## [Task requirements]
Retype exactly the span of lines below from the one with "2024春夏新作 女 レディース" through the one with "Кафедры позволяют проводить". Do not include pictures.

## [Input records]

───

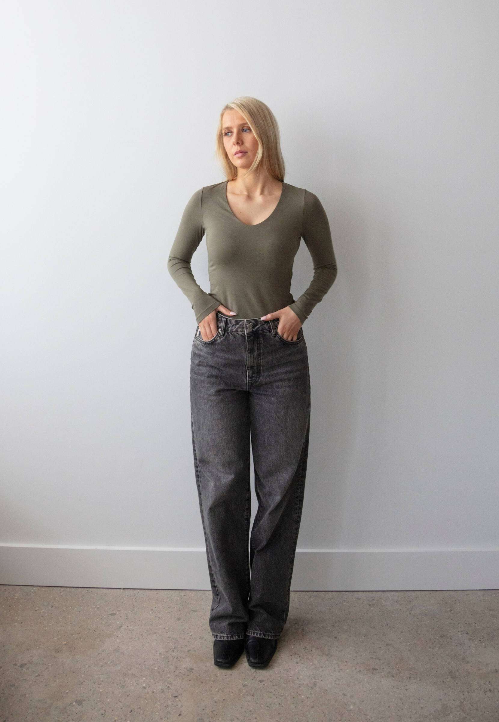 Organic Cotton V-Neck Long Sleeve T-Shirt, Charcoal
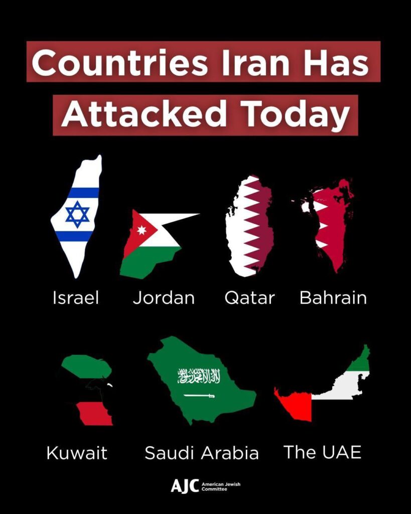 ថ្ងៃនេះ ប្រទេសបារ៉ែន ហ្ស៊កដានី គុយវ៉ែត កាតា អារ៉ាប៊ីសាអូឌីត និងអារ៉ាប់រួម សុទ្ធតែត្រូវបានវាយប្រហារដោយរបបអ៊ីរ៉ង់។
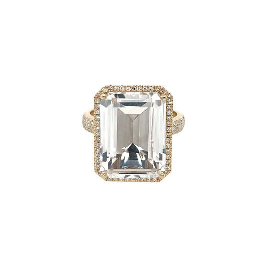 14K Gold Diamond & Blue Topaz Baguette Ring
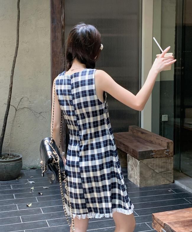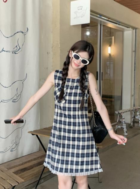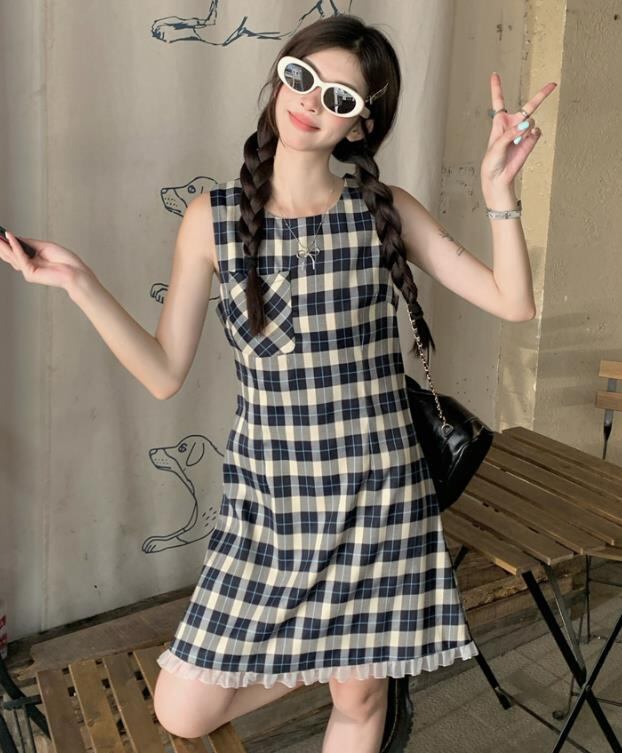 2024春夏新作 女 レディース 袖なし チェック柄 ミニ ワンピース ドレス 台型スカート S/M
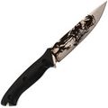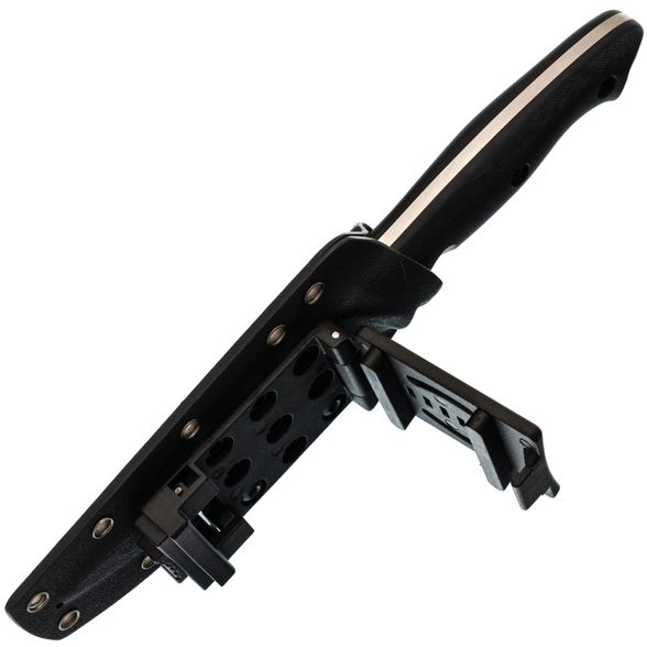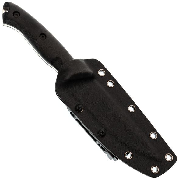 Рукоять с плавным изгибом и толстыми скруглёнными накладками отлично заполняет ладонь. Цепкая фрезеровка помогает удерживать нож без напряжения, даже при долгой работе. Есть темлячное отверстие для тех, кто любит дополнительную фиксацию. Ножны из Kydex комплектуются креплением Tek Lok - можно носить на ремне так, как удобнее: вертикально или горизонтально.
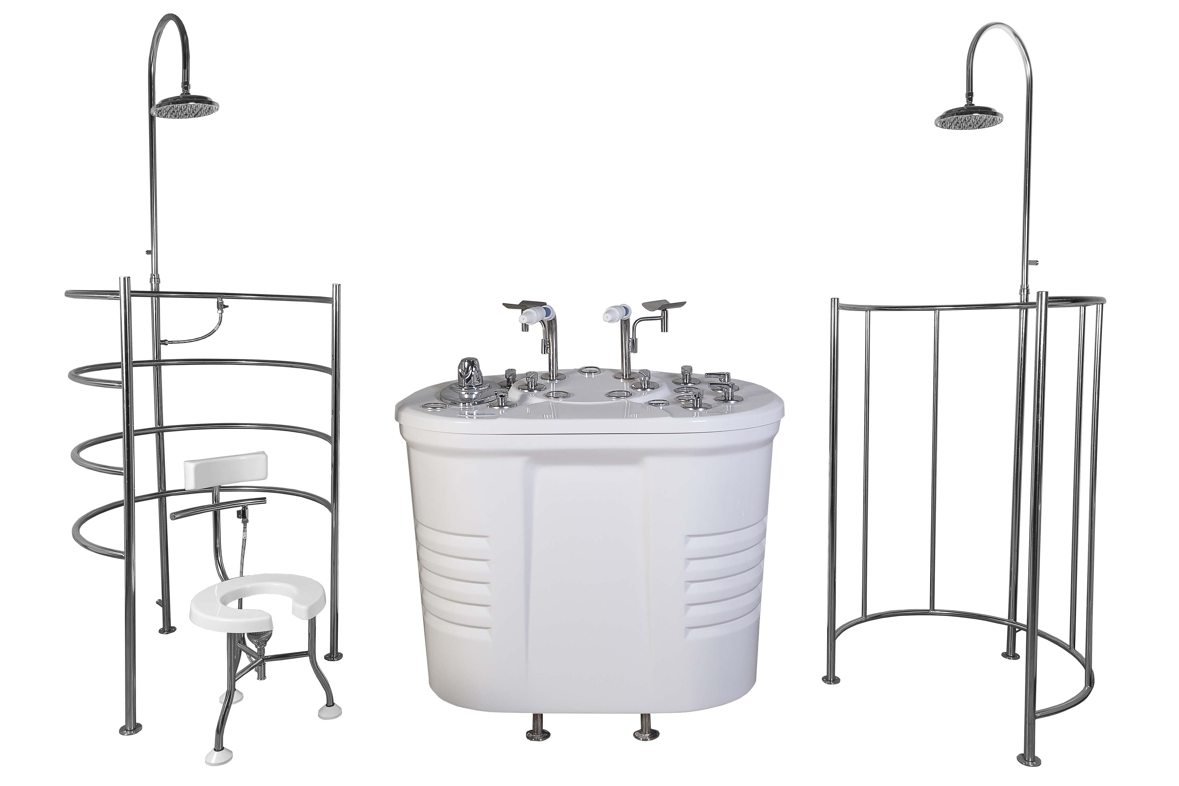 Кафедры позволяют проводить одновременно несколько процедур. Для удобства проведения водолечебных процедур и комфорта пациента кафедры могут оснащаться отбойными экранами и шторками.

───

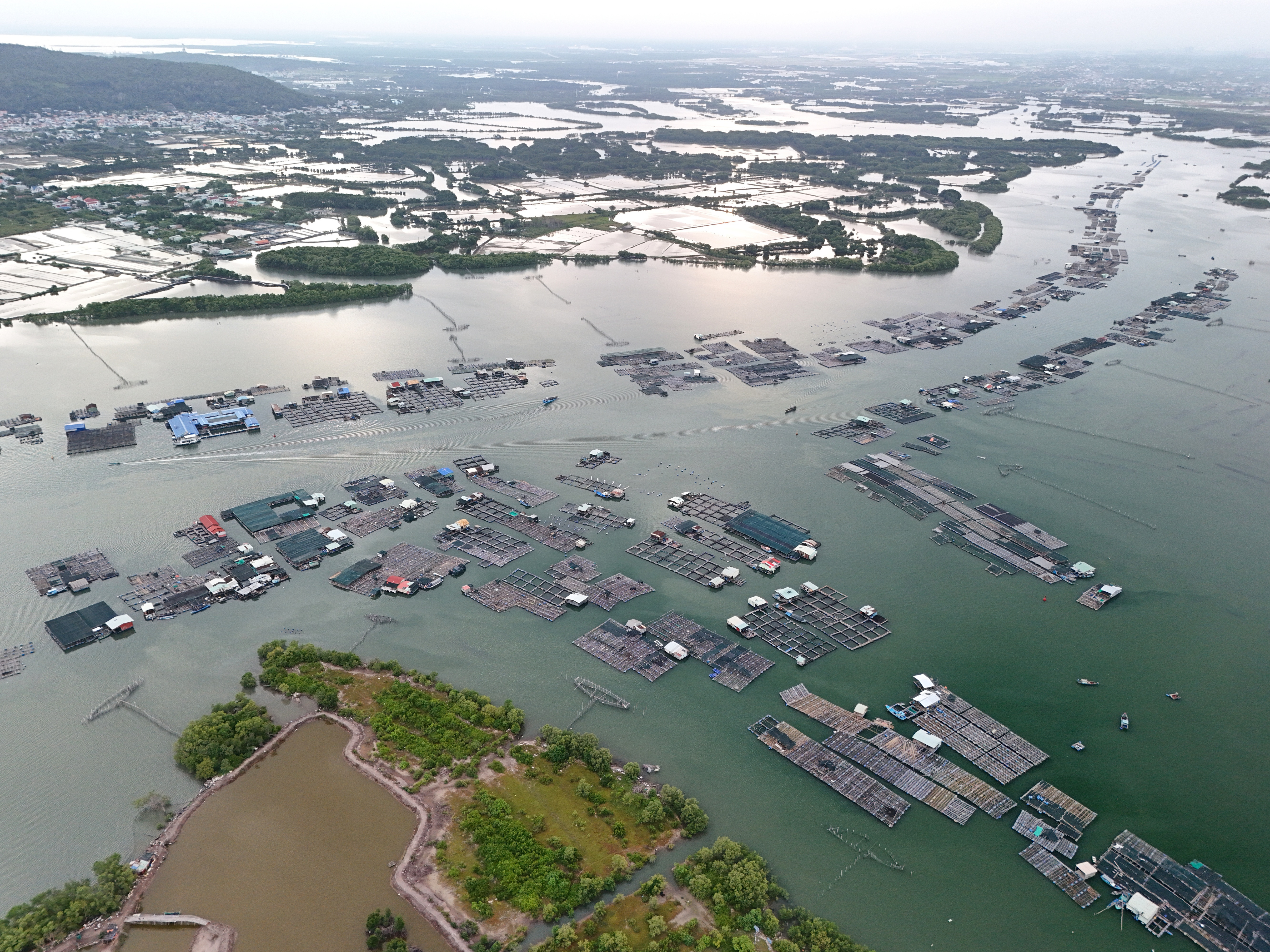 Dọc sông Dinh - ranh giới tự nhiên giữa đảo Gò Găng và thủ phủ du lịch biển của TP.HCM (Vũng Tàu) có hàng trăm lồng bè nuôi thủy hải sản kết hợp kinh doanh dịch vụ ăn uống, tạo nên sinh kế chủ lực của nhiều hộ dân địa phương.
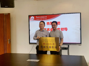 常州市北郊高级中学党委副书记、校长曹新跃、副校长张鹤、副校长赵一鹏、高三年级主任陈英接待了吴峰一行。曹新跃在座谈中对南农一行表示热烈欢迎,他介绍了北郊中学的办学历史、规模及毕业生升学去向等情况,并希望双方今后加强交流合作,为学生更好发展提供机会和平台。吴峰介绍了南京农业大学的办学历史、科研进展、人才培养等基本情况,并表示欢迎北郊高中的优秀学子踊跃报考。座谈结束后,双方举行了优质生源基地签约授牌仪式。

───

## [Answer to the exercise]
 2024春夏新作 女 レディース 袖なし チェック柄 ミニ ワンピース ドレス 台型スカート S/M
 Рукоять с плавным изгибом и толстыми скруглёнными накладками отлично заполняет ладонь. Цепкая фрезеровка помогает удерживать нож без напряжения, даже при долгой работе. Есть темлячное отверстие для тех, кто любит дополнительную фиксацию. Ножны из Kydex комплектуются креплением Tek Lok - можно носить на ремне так, как удобнее: вертикально или горизонтально.
 Кафедры позволяют проводить одновременно несколько процедур. Для удобства проведения водолечебных процедур и комфорта пациента кафедры могут оснащаться отбойными экранами и шторками.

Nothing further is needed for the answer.